(Pexels)

(Pexels)

A school has gotten caught promoting online pornography as “art,” and then concealing that agenda from parents.

And officials with the American Center for Law and Justice aren’t letting it slide.

“Our clients, Stephanie Boyanski and Jessy Roberts, were horrified to learn that their seventh-grade children were assigned to visit an unvetted website containing graphic sexual images as part of an art project. The teacher, Ms. Bridgette Gates, displayed these images on a Smart Board in class, acknowledged that ‘some images were inappropriate,’ and then instructed students to ‘ignore them and be mature,’” the ACLJ explained about the dispute that has arisen in Watertown City School District in New York.

There, students in seventh grade were ordered to see pornography “under the guise of an ‘art lesson.’”

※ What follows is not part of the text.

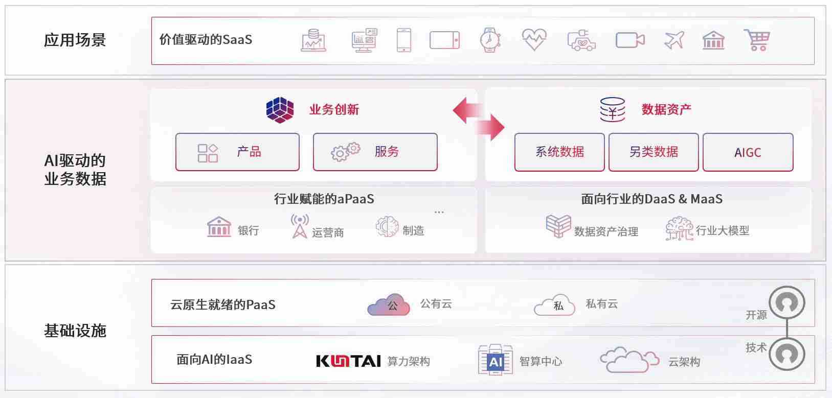 数字时代,,,围绕企业数字化转型的关键要素,,CG钱包数码开创性的提出数云融合战略和技术体系框架,,,着力在云原生、、、数字原生、、AI原生和信创产业上架构产品和服务能力,,,,为处在不同数字化转型阶段的快消零售、、、汽车、、、、金融、、、医疗、、政企、、教育、、、运营商等行业客户提供泛在的敏捷IT能力和融合的数据驱动能力,,,,构建跨界融合创新的数字业务场景和新业务模式,,,,助力企业级客户建立面向未来的核心能力和竞争优势,,,,全面推动社会的数字化、、、智能化转型升级。。。。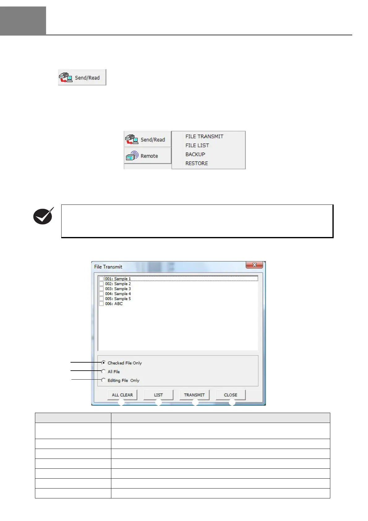 From the “Send/Read” button, the following four orations, “FILE TRANSMIT”, “FILE LIST”, “BACKUP”, and

“This wasn’t an accident. Students viewed this explicit material repeatedly over the course of approximately two weeks, for a graded assignment. No parental notice. No opt-out option. No filtering of graphic content. No alternative assignment,” the legal team explained. “One of the students involved is a survivor of sexual assault. This assignment triggered traumatic memories, and this student is now in counseling as a direct result of the school’s actions.”

The lawyers said they are taking action, beginning with a formal demand letter to the superintendent outlining the district’s constitutional violations and its failure to protect students from exposure to pornographic material.

“We are demanding a formal reprimand in the teacher’s file, a clear policy barring teachers from showing sexually explicit content to children without parental notification, mandatory parental consent and opt-out procedures, and district-funded counseling for students traumatized by the assignment,” the ACLJ explained.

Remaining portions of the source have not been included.